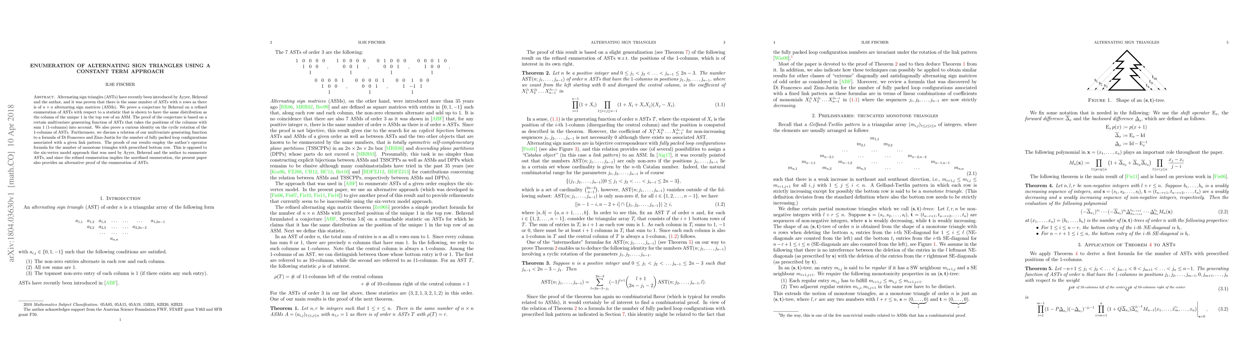 Researchers prove a conjecture on alternating sign triangles using a multivariate generating function that considers column positions with sum 1, providing an alternative proof to the enumeration of these structures.
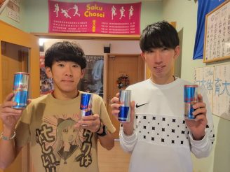 本学競走部OBで現在富士通陸上競技部に所属されている横手様より、レッドブルの差し入れをいただきました。
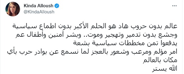 وعلقت أيضًا كندة علوش، عبر حسابها بـ تويتر: عالم دون حروب هاد هو الحلم الأكبر، دون اطماع سياسية وجشع دون تدمير وتهجير ومموت، وبشر آمنين وأطفال عم يدافعون تمن مخططات سياسية بشعة أمر مؤلم ومرعب وشعور بالعجز، لما نسمع عن بوادر حرب بأي مكان بالعالم.. الله يستر.
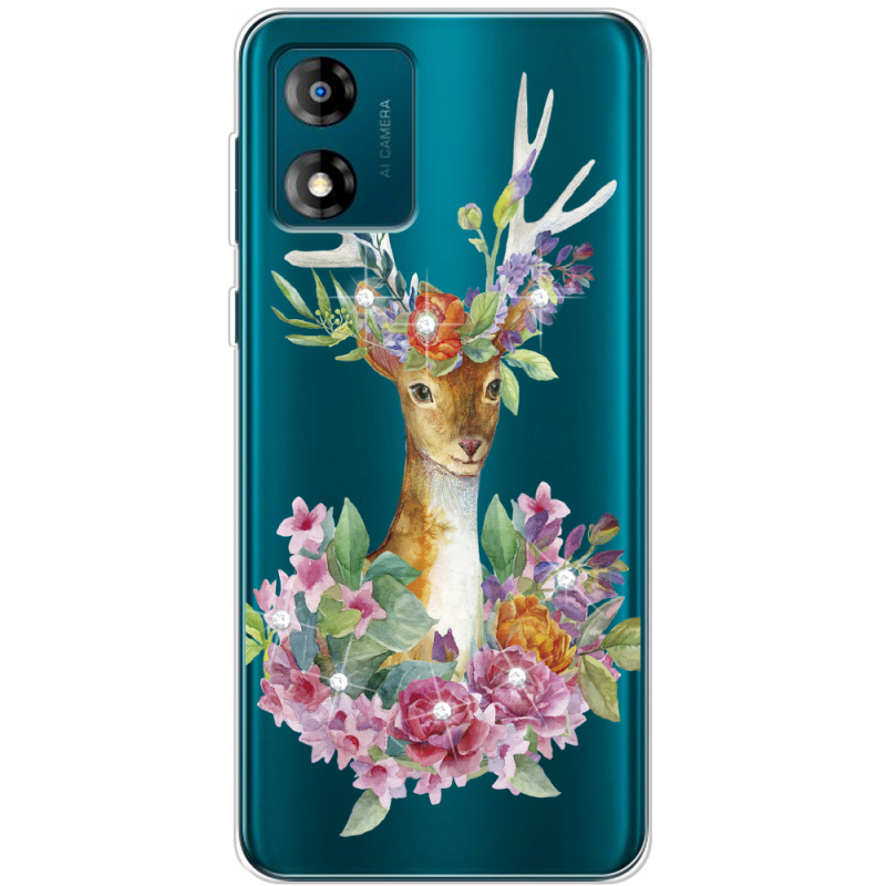 Чехол со стразами Motorola E13 Deer with flowers
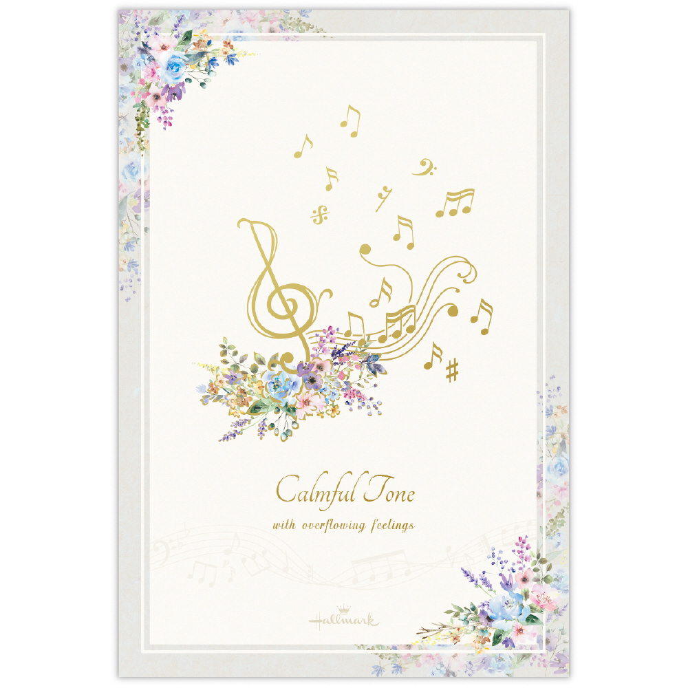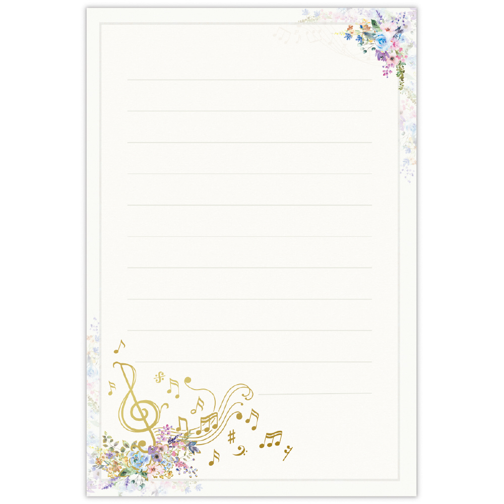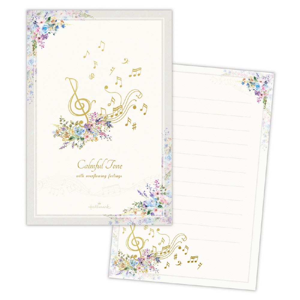 秋から冬にかけて使いやすい落ち着いたトーンのレターコレクション「コンフォート&ピース」。人気の花×音楽柄を、落ち着いたグレイッシュトーンで新鮮な見た目に。特定の楽器ではなく五線譜と音符のモチーフを描くことで、幅広い音楽好きの方に楽しんでいただけるようにしました。マットタイプの金箔加工がシックで繊細な印象を与えます。
****************************************
§ PROBLEM: Copy out every entry above exactly. Leave the pictures out.

§ TASK RESPONSE:
 Researchers prove a conjecture on alternating sign triangles using a multivariate generating function that considers column positions with sum 1, providing an alternative proof to the enumeration of these structures.
 本学競走部OBで現在富士通陸上競技部に所属されている横手様より、レッドブルの差し入れをいただきました。
 وعلقت أيضًا كندة علوش، عبر حسابها بـ تويتر: عالم دون حروب هاد هو الحلم الأكبر، دون اطماع سياسية وجشع دون تدمير وتهجير ومموت، وبشر آمنين وأطفال عم يدافعون تمن مخططات سياسية بشعة أمر مؤلم ومرعب وشعور بالعجز، لما نسمع عن بوادر حرب بأي مكان بالعالم.. الله يستر.
 Чехол со стразами Motorola E13 Deer with flowers
 秋から冬にかけて使いやすい落ち着いたトーンのレターコレクション「コンフォート&ピース」。人気の花×音楽柄を、落ち着いたグレイッシュトーンで新鮮な見た目に。特定の楽器ではなく五線譜と音符のモチーフを描くことで、幅広い音楽好きの方に楽しんでいただけるようにしました。マットタイプの金箔加工がシックで繊細な印象を与えます。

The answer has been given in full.